Anyway, the reasons that kosher salt is popular in the US are: 1) it’s suffciently coarse to hold its own when salting is being used to draw out moisture or add texture to a dish; 2) it’s widely available; 3) it’s cheap; 4) it’s always made without iodine and anti-caking agents. This makes for a clean-tasting salt that’s easy to handle and has a lot of useful properties for cooking that just about everyone has access to.
Kosher salt doesn’t have iodine or other additives put in so you get just the pure salt flavor, in theory. In practice, there’s nothing to stop regular table salt being labelled as kosher salt, in the USA at least. There is Kosher certified salt too, which is labeled as such.
Fancy salts like you listed remind me that salt and salary share a Latin root. Whereas Roman soldiers may have been paid with salt, now you need your whole salary to buy fancy salt.
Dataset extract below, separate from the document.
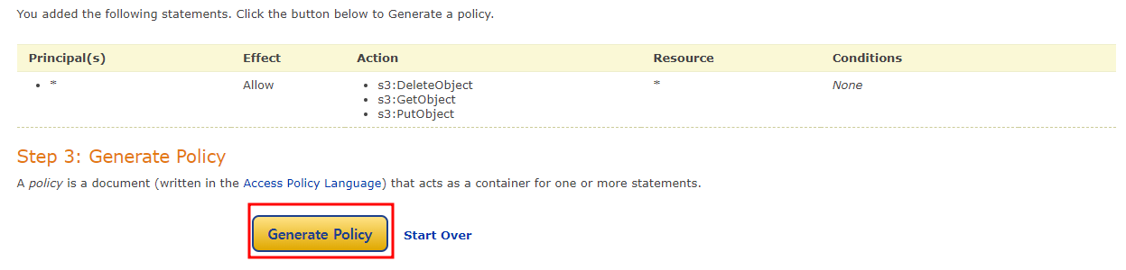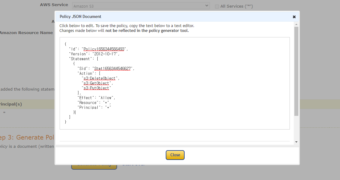 (7) 버킷 ARN을 복사한 뒤 정책 생성기를 클릭한다.

Hmmm, I think both are correct.
It would be appropriate to say NaHCO3 is a metal carbonate and is the sodium salt of the bicarbonate anion.
To add to what @wazroth said. It’s also coarse enough to easily pinch and sprinkle by hand, which is a better way to evenly distribute salt when cooking (though not baking). It’s like wise less dense per volume. So there’s less chance of over salting when doing that, or seasoning a dish in multiple steps as is fashionable (or necessary).
In the US it’s less “salt fad” than a long standing restaurant practice that was popularized by a few food personalities. I think early on Wolfgang Puck, Alton Brown made a big impact on it. Julia Child very specifically didn’t give a shit.
Lack of iodine and anti-caking agents primarily comes into for things like pickling. Where the additives can make shit cloudy or jack up the chemistry.
Ah, that answers a question which popped up after receiving the answers here. Iodine deficiency is still considered an issue in many areas where I lived, and when I don’t use sea salt, I usually choose salt with added iodine, especially for cooking staples. I definitely can not taste any difference there, and haven’t noticed any difference even when digested the same brand with and without additives, as @anon87143080 and @wazroth suggested.
Yeah it’s kind of impossible to tell. Some of the anti-caking agents can be funky, but I’ve only noticed that in like dollar store salt.
It’s more that the iodine makes pickles cloudy and mushy, and it can fuck up the color of canned goods. There’s also concerns that it could mess with the salt concentration with preserved foods, so you’re making like sausage or canning stuff there’s a slim safety concern.
There’s generally no issue with using iodized salt for general cooking, or especially as table salt. It’s just that coarse salts tend not to come iodized, and course salts are better for cooking.
I try to use iodized table salt once in a while or for table salt, cause I don’t consume a ton of dairy. And that’s apparently the big one in US diets these days. I do eat plenty of fish though.